Now frequently, the answers – which are obviously prepared by officers – are evasive and unhelpful and the constitution does not allow any debate on them. However, it is the publicity that the current procedure allows residents to achieve, in respect of issues that concern them, that is the predominant factor. In this way, such issues inevitably come to the attention of the many members of the Council who do not bother to attend Cabinet meetings, but who might nevertheless still feel a degree of sympathy. The media also has advance notice of the issues, and is more likely to report on them. In fact, over the past twelve months or so, Cabinet public question time at Norfolk County Council has become a very entertaining and lively affair, frequently to the embarrassment of the Cabinet. It has even resulted in complaints against at least two Cabinet members who have been disinclined to play the game.


That, dear readers, is all about to change. The Cabinet has grown tired of all of this.  A working group has concluded that Cabinet public question time "could become very hard to manage". It takes up "a considerable amount of time" and "the process should be streamlined". Possibly there should be a "maximum number of questions" as well as an overall time limit. This is what is now likely to be put before the full Council shortly for approval.

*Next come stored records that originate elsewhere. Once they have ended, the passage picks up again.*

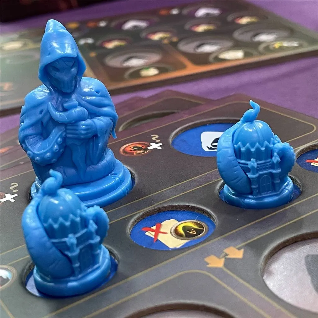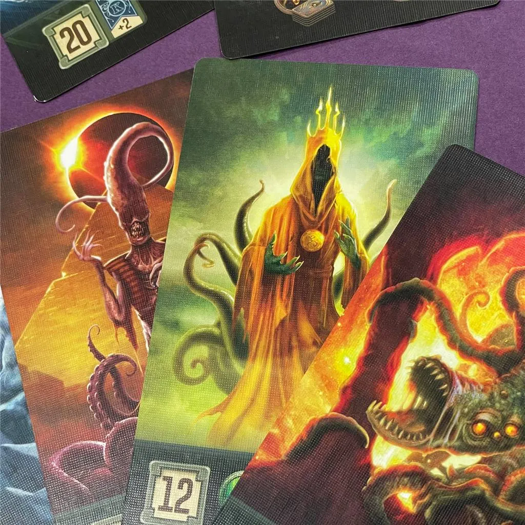 La mecánica principal combina colocación de trabajadores en un tablero reversible con gestión de mano de cartas de culto y evento⁴. Al acumular suficiente poder, activas el rito de invocación, pero debes vigilar la presencia de los investigadores: si llegan a tu culto pueden arruinar tus esfuerzos y restarte recursos⁵. La partida termina cuando un jugador completa su ritual de llamado o cuando se agotan los investigadores en el mazo, y quien haya sentado las bases más sólidas de su culto se alza con la victoria.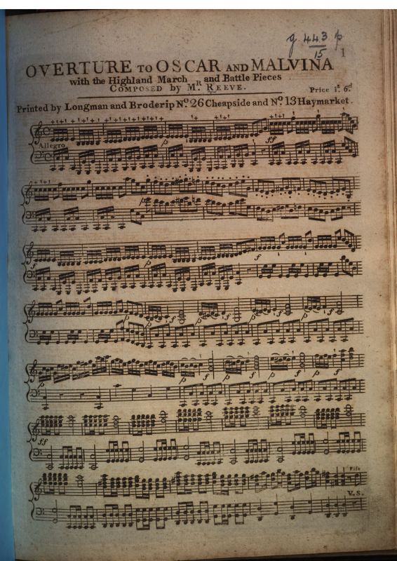 The Overture, Favorite Songs, Duetts & Chorusses in the Grand Pantomime Ballet of Oscar and Malvina as performed with universal applause at the Theatre Royal Covent Garden, Together with a Selection of the most favorite Scots Airs & the Battle Piece, The whole adapted and the new Music Composed by W. Reeve. Overture includes orchestral cues. Andante in D major is scored for [uilleann] pipes and harp.
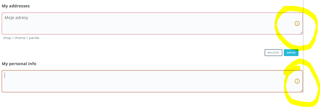 Próbuję przetłumaczyć z ang. na polski kilka elementów. Np. w stopce mam zakładkę my orders, my adress. Próbuję tłumaczyć w polu tłumaczenia szablonu. Jednak po zapisaniu tekstu, nic się nie zmienia. Wyświetla się natomiast charakterystyczne 'i' z prawej strony. Jak rozwiązać problem?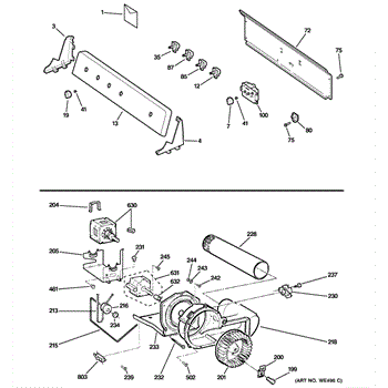 The Blower Wheel is an OEM replacement part for GE dryers. It has a role in the air circulation within the dryer, aiding in the even and efficient drying of clothes. The blower wheel, connected to the motor, helps in expelling the moist air out of the dryer through the exhaust vent during the drying cycle. Causes of a malfunctioning blower wheel are typically wear and tear from regular use, the accumulation of lint or debris, or damage to the wheel’s fins or central hub, which can impact its rotation and air circulation capability. Symptoms of a bad Blower Wheel include: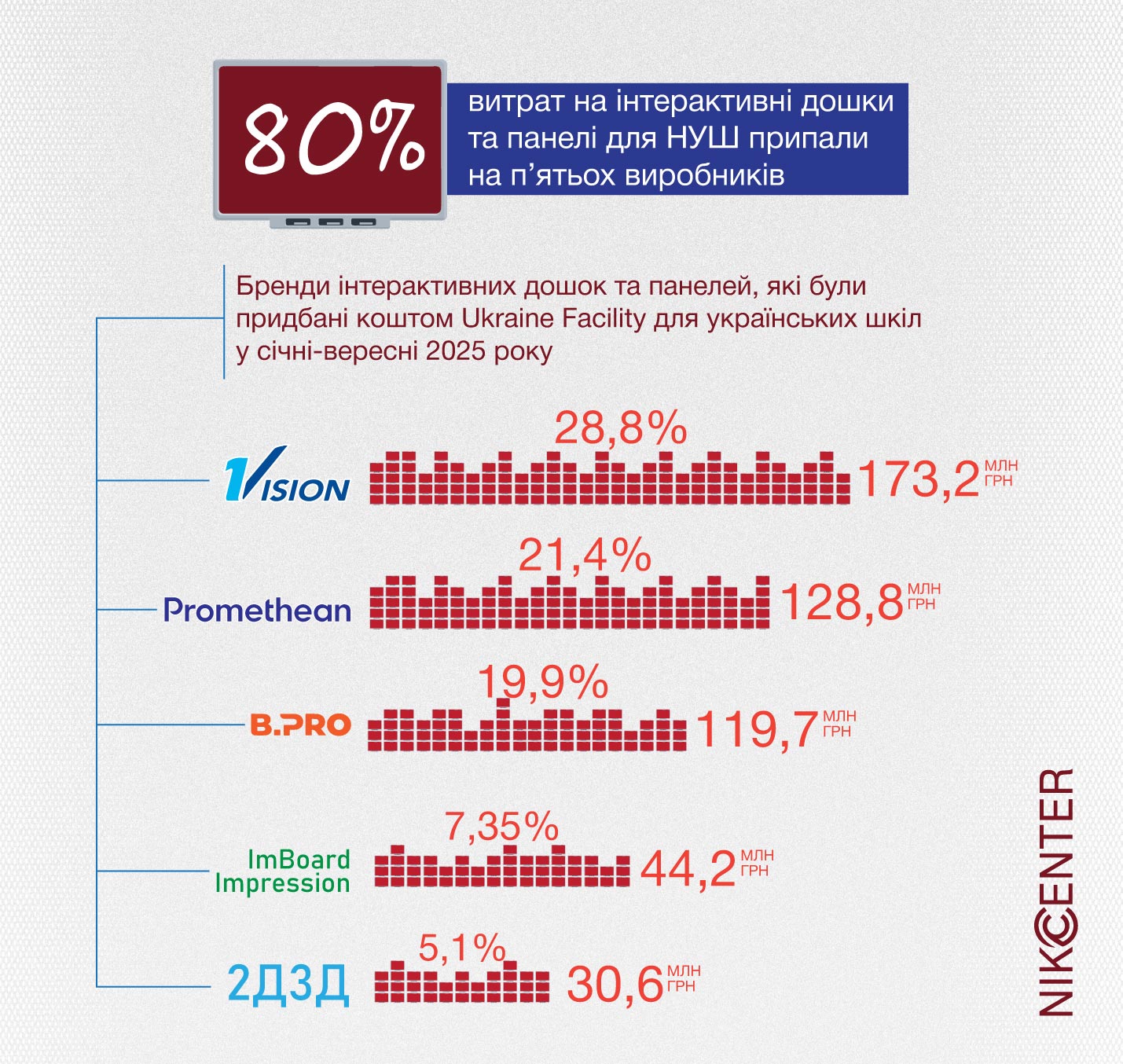 ООО «Дидактиклаб» предоставило справку, что производителем панелей является киевская компания «Навигатор систем». Всего в январе-сентябре 2025 года за средства Ukraine Facility было приобретено панелей этого бренда на 44,2 млн грн. На его долю пришлось 7,35% от общей стоимости закупок интерактивных панелей и досок.

In future, no questions will appear on Cabinet agendas. Subject to the existing notice requirements being met, written answers to substantive questions will be handed out at the start of Cabinet meetings. A questioner will only be allowed to read out the one supplementary that he is permitted when he has chosen to give notice of only one substantive question. The answer to the supplementary will be read out, but no questions and answers will be minuted, or included in the Cabinet reports to the full Council.


There will therefore be many questions and answers that will never come to the attention of the majority of Council members, let alone the media. In other words, Cabinet public question time will be emasculated, just to spare the Cabinet its present discomfort. So much for "participation in local government".


Why cannot Norfolk County Council, in the interests of democracy, transparency and accountability, introduce a new and separate forum at which residents can, without unreasonable time constraints, raise with the Cabinet on notice issues of general concern with the guarantee of debate on those issues with Cabinet members? This surely would come closer to the concept of public participation.